Tailored Federated Learning: Leveraging Direction Regulation & Knowledge Distillation
This work aims to improve the performance and convergence of federated learning for privacy-sensitive domains like healthcare, which is an incremental improvement for FL practitioners.
This paper tackles client heterogeneity in federated learning by proposing an optimization algorithm that integrates model delta regularization, personalized models, federated knowledge distillation, and mix-pooling. The experimental results show remarkable accuracy and rapid convergence with model delta regularization, improved FL performance with federated knowledge distillation in diverse data scenarios, and tangible benefits for clients from mix-pooling readout operations.
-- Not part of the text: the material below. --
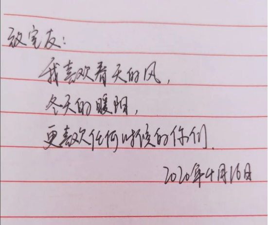 当提笔写下致室友的三行情书,相处的场景在同学们的脑海里放映,短短的三行情书描述了大学一同走过的点点滴滴,字里行间吐露着细腻的感情,或盈满祝福,或饱含思念,或充满感谢。

Federated learning (FL) has emerged as a transformative training paradigm, particularly invaluable in privacy-sensitive domains like healthcare. However, client heterogeneity in data, computing power, and tasks poses a significant challenge. To address such a challenge, we propose an FL optimization algorithm that integrates model delta regularization, personalized models, federated knowledge distillation, and mix-pooling. Model delta regularization optimizes model updates centrally on the server, efficiently updating clients with minimal communication costs. Personalized models and federated knowledge distillation strategies are employed to tackle task heterogeneity effectively. Additionally, mix-pooling is introduced to accommodate variations in the sensitivity of readout operations. Experimental results demonstrate the remarkable accuracy and rapid convergence achieved by model delta regularization. Additionally, the federated knowledge distillation algorithm notably improves FL performance, especially in scenarios with diverse data. Moreover, mix-pooling readout operations provide tangible benefits for clients, showing the effectiveness of our proposed methods.